This page focuses on the debt students take on to attend Paul Mitchell the School Portsmouth: median debt, the percentile spread, total borrowing including PLUS loans, and the cost to repay. These figures are reported by the Department of Education and IPEDS.
Among first-year students at Paul Mitchell the School Portsmouth, 59% of new students use loans toward freshman-year expenses, averaging $9,233 each, across private and federal loan sources.
On the federal side, the average loan is $9,233. This is at or above the $5,500 first-year federal borrowing cap that applies to the typical dependent freshman. Remember the all-undergraduate figures below leave out private loans, so they will look lower than this private-plus-federal freshman amount.
Looking at all undergraduates at Paul Mitchell the School Portsmouth, freshmen included, 55% use federal student loans to help pay for their education, with a mean of $7,867 a year. This works out to 14.8% under the $9,233 freshmen take on.
Repeating that yearly amount projects to about $15,734 over two years and about $31,468 by the fourth year. These projections assume the same federal borrowing each year and exclude private and Parent PLUS loans.
| Undergraduate federal borrowing | Value |
|---|---|
| Share using federal loans | 55% |
| Average federal loan per year | $7,867 |
| Undergraduates with a federal loan | 55 |
| Total federal loans (one year) | $432,679 |
The middle borrower at Paul Mitchell the School Portsmouth owes $9,833 of cumulative federal debt.
| Borrower group | Median federal debt |
|---|---|
| All federal borrowers | $9,833 |
| Students who completed (graduates) | $9,833 |
The median hides the spread, so the percentiles below show cumulative federal debt at four points in the distribution for Paul Mitchell the School Portsmouth.
| Percentile | Cumulative Federal Debt |
|---|---|
| 25th percentile | $4,750 |
| 75th percentile | $12,500 |
The indicators below describe what the typical debt costs to pay back at Paul Mitchell the School Portsmouth.

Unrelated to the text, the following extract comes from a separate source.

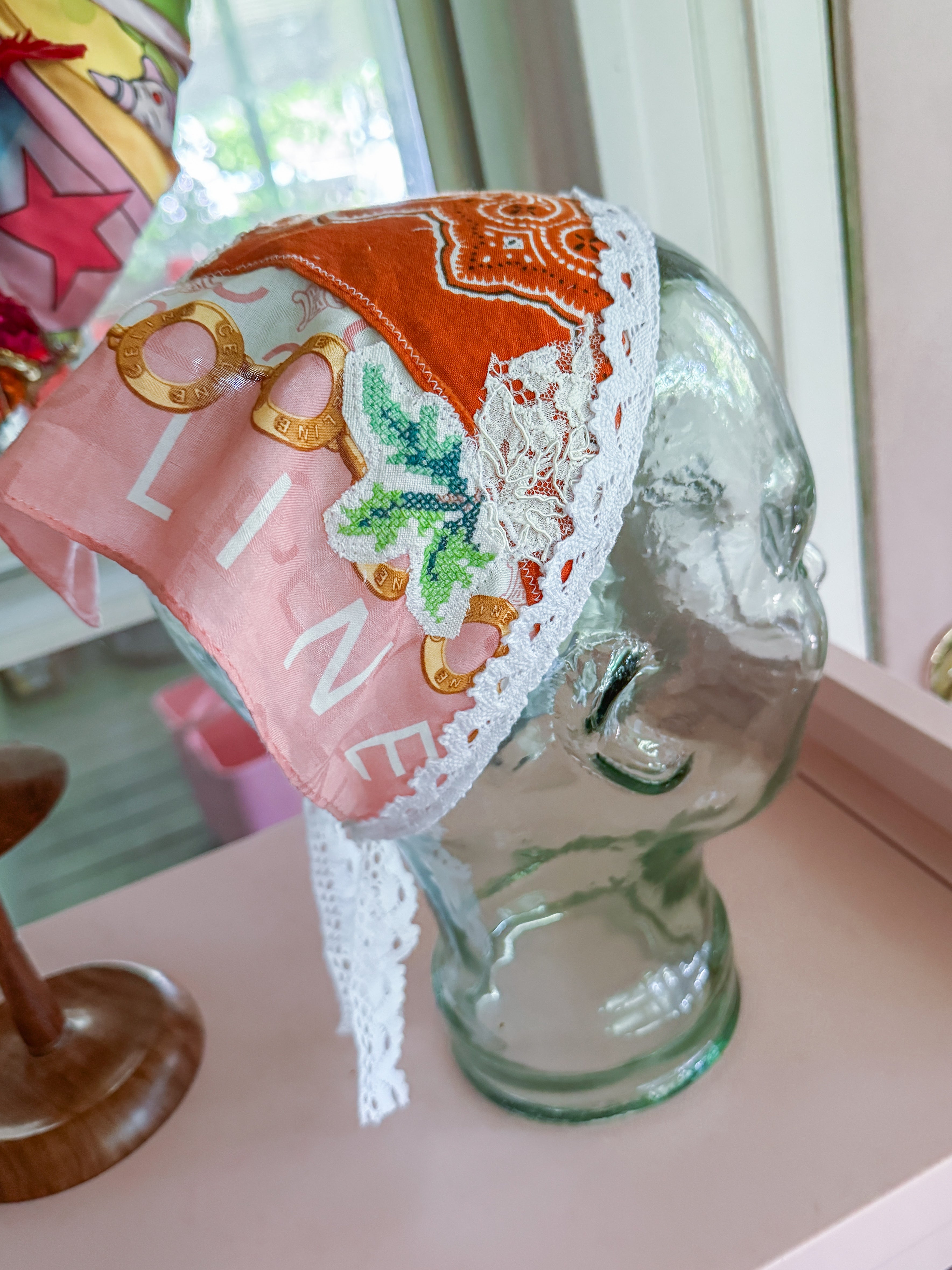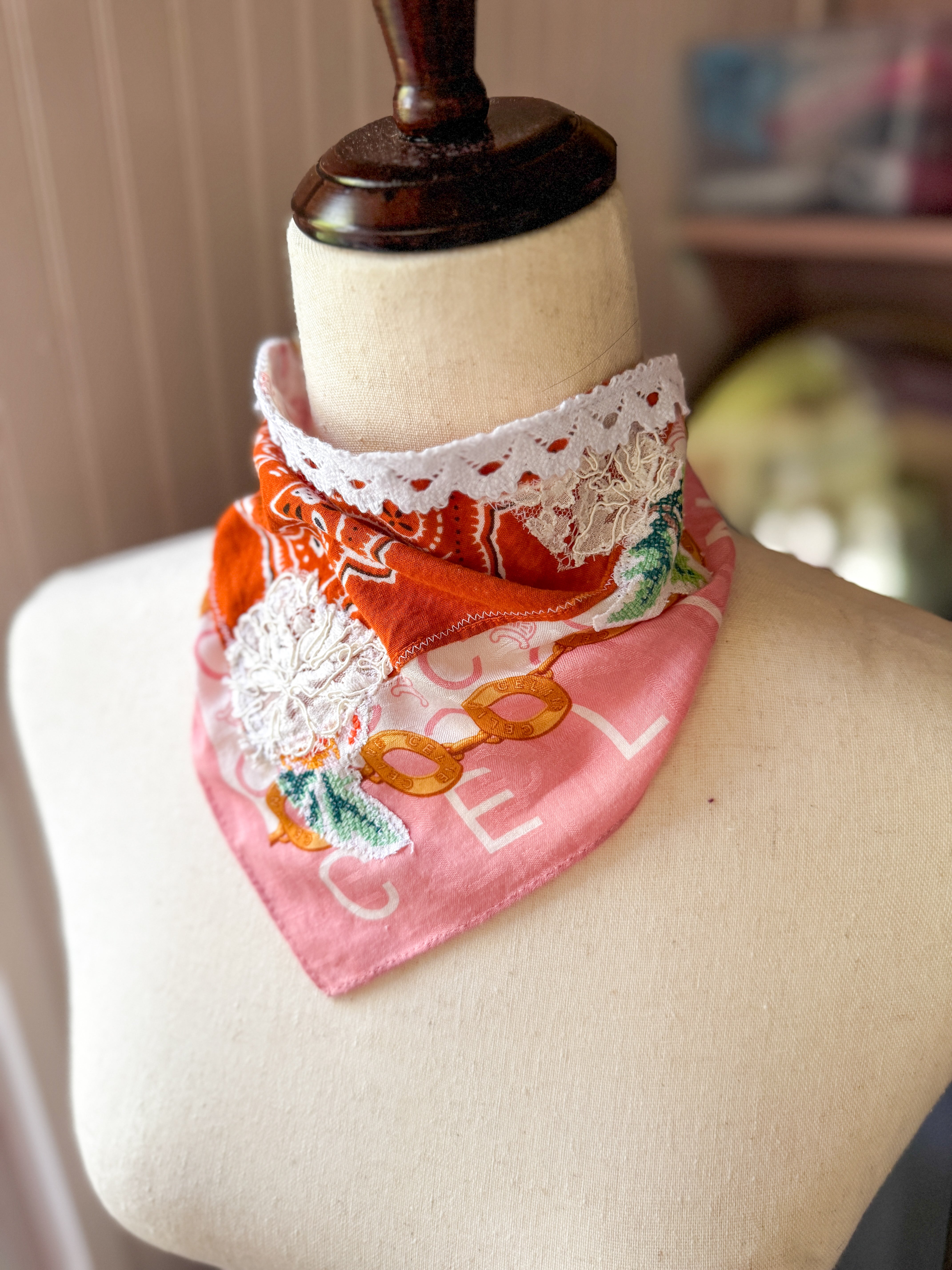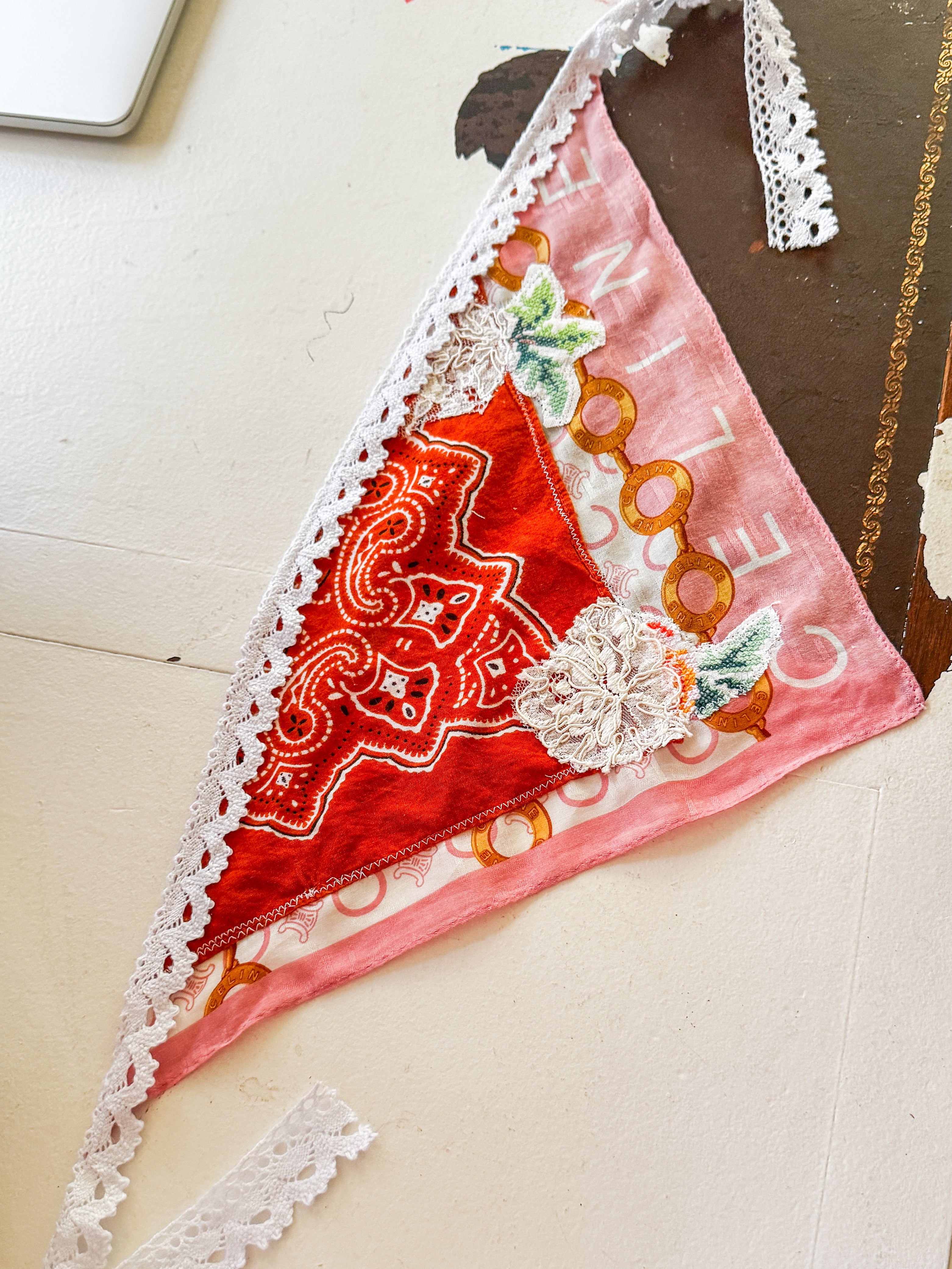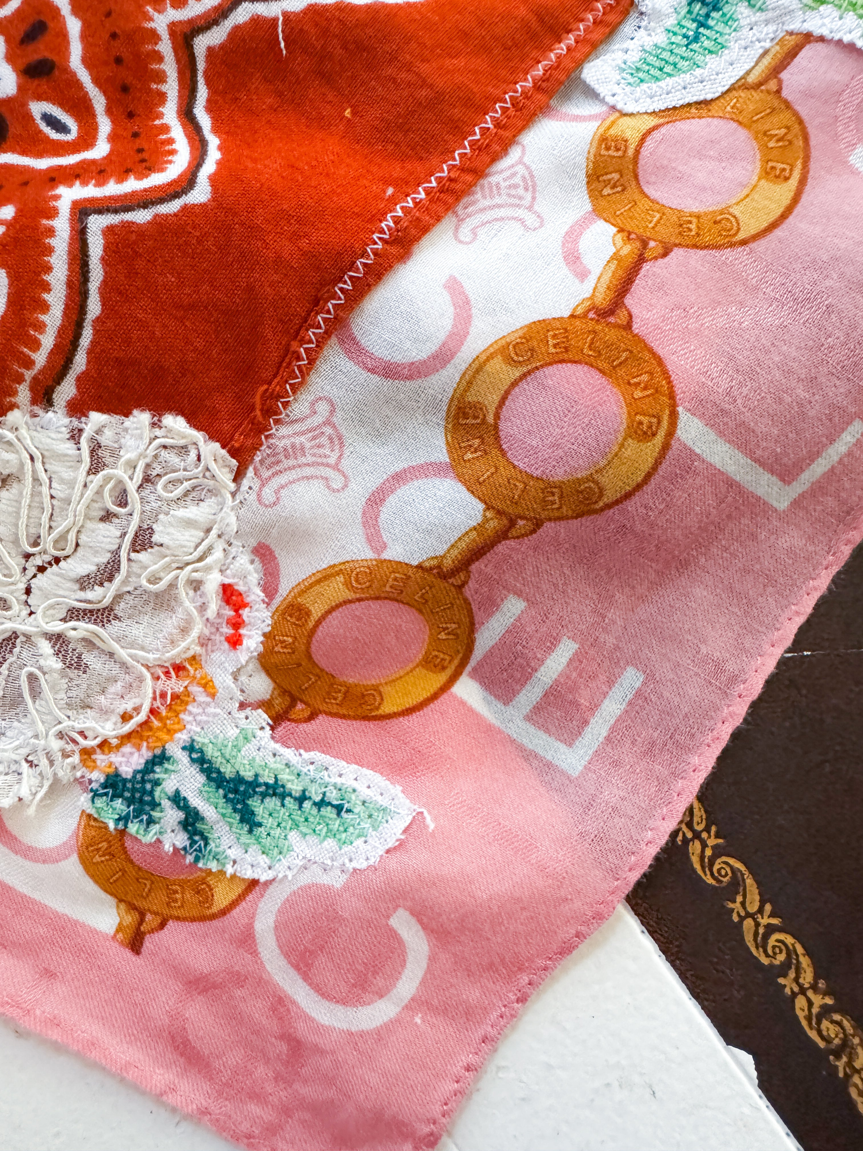 Vintage Celine scarf remnant repurposed into a head scarf/ bandana. Scarf was embellished with hand embroidered flowers from vintage table linens, vintage bridal  lace applique and vintage cotton bandana remnants. Lace trim finishes her off. Easily ties around head or neck.

The default rate measures how many borrowers fall behind and ultimately fail to repay their federal loans. The federal two-year cohort default rate for Paul Mitchell the School Portsmouth appears below.
| Metric | Value |
|---|---|
| 2-year cohort default rate | 3.7% |
| Borrowers in the cohort | 12 |
A lower default rate generally signals that graduates earn enough to manage their loan payments.
Borrowing varies by family income, by first-generation status, and by dependency status.
Borrowing by Income Tier
| Income tier | Median federal debt |
|---|---|
| Low income | $9,500 |
Dependency-Status Comparison
| Cohort | Median federal debt |
|---|---|
| Dependent students | $8,833 |
| Independent students | $16,500 |
These pre-calculated indicators summarize the borrowing gaps between cohorts at Paul Mitchell the School Portsmouth.
The Difference Between Subsidized and Unsubsidized Loans
With an unsubsidized loan, interest starts adding up the day the loan is disbursed, including during school. Subsidized loans, by contrast, do not accrue interest while you are enrolled at least half-time, which makes them the less expensive option when you qualify.
Worth Knowing
Declaring bankruptcy does not erase federal student loan debt. If you stop paying, the federal government can garnish a portion of your wages until the loans are repaid.
References
More about our data sources and methodologies.